The Board and its Committees meet on a regular basis to discuss and agree matters which are specifically reserved to them for review and decision. Contact between Board and Committee meeting dates is carried out by the Directors as and when required to discuss and agree matters arising relative to addressing and advancing the business of the Company.

Number of meetings

Board
12

Audit
5

Remuneration
5

Nomination
4

Dr Peter Fellner

12/12

2/4(1)

5/5

4/4

Roy Davis

12/12

Louisa Burdett

10/10(2)

Barry Rose

6/8(3)

3/4(3)

2/3(3)

John Goddard

12/12

5/5

4/4

Dr Peter Kehoe

12/12

1/1(4)

5/5

4/4

David Wilson

11/12

2/2(5)

5/5

4/4

Rosalyn Wilton

10/12

5/5

4/4

1 Dr Fellner resigned from the Audit Committee on 1 June 2013.

2 Louisa Burdett resigned from the Board on 17 July 2013.

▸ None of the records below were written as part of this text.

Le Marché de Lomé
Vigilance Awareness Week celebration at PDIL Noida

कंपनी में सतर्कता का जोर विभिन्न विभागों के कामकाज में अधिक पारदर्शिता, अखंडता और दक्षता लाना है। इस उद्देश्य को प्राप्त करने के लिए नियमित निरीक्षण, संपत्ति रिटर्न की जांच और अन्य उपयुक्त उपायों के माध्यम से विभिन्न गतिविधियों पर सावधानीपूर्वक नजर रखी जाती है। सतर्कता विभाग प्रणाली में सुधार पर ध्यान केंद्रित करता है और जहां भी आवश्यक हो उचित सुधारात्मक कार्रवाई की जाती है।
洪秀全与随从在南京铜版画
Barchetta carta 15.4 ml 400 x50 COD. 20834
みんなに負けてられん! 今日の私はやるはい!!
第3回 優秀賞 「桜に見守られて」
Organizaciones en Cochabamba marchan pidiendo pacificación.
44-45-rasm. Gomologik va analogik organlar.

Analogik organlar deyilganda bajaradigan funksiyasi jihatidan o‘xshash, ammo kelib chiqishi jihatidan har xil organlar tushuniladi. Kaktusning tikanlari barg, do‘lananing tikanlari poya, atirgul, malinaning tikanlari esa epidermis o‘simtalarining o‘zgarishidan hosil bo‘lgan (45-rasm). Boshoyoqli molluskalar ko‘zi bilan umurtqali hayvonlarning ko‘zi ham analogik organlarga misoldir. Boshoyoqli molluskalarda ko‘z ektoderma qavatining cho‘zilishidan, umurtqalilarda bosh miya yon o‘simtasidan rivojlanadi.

3 Barry Rose resigned from the Board on 31 May 2013.

4 Dr Peter Kehoe joined the Audit Committee on 1 June 2013.

5 David Wilson joined the Audit Committee on 15 May 2013.

Appointments and Resignations

Barry Rose resigned from the Board on 31 May 2013. Louisa Burdett resigned from the Board as Chief Financial Officer on 17 July 2013. Robert Kennedy was appointed to the Board as Chief Financial Officer on 16 October 2013.

Board Committees

The Board appoints the members of the Audit, Remuneration and Nomination Committees, each of which has the responsibility to assist the Board in its oversight capacity. The Committees meet at regularly scheduled times throughout the year and at any other time that may be necessary to assist the Board in executing its responsibilities.

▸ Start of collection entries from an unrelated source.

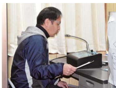
◀3月6日、笠野原小学校の教員が、町内放送等を使って臨時休業期間中で自宅にいる子どもたちを励ますための放送を行いました。これは学校からの相談に笠之原町内会が協力し行われたものでした。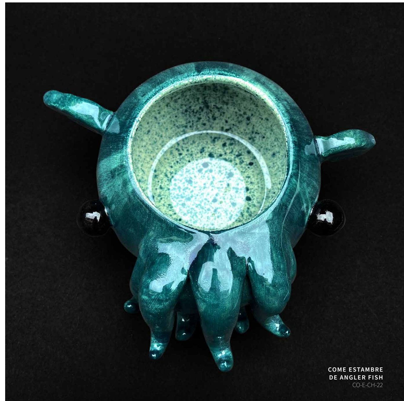
COME ESTAMBRE DE ANGLER FISH CO-E-CH-22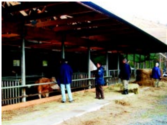
Roslagshagar har bidragit till planering och finansiering av tre djurbyggnader.

Ett maskinsamarbete har startats på Gräsö för att mer effektivt kunna ta vinterfoder till djuren. Nu kan fler djur hållas över vintern och därmed fler värdefulla naturbetesmarker betas.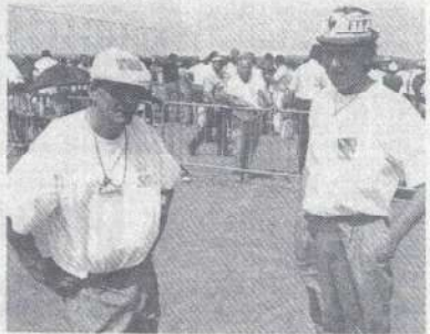
Carrey-Moucheron : la paire régionale est sortie très déçue de ces championnats 91.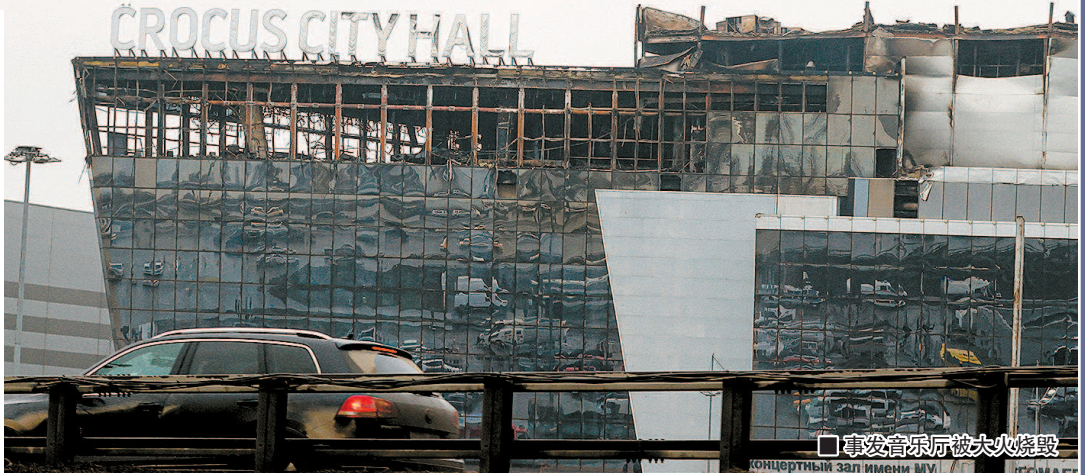
事发音乐厅被大火烧毁

俄罗斯总统普京23日发表电视讲话说，这是一场精心策划、血腥而野蛮的恐袭，是一场有准备、有组织、针对手无寸铁平民的大规模屠杀，并将24日定为全国哀悼日。

Certain other individuals are invited to attend the Committee meetings when required and relevant to the proceedings. The written Terms of Reference setting out the duties and responsibilities of the Board and its Committees are reviewed and revised as may be necessary on an annual basis. Committee Terms of Reference are available from the Company Secretary or on the Company's website at www.optos.com.

Mr Goddard, Dr Kehoe and Mr Wilson are independent within the meaning of the Code. The Board considered all members of the Audit Committee throughout the year ended 30 September 2013 to be independent in character and judgement and in possession of the relevant business experience and requisite financial expertise.

The Committee meets at least four times during the year. Meetings are attended by Non-executives and, by invitation, the Chief Executive and Chief Financial Officer. Other relevant people from the business are also invited to attend certain meetings where required. Our external Auditor is also invited to each meeting.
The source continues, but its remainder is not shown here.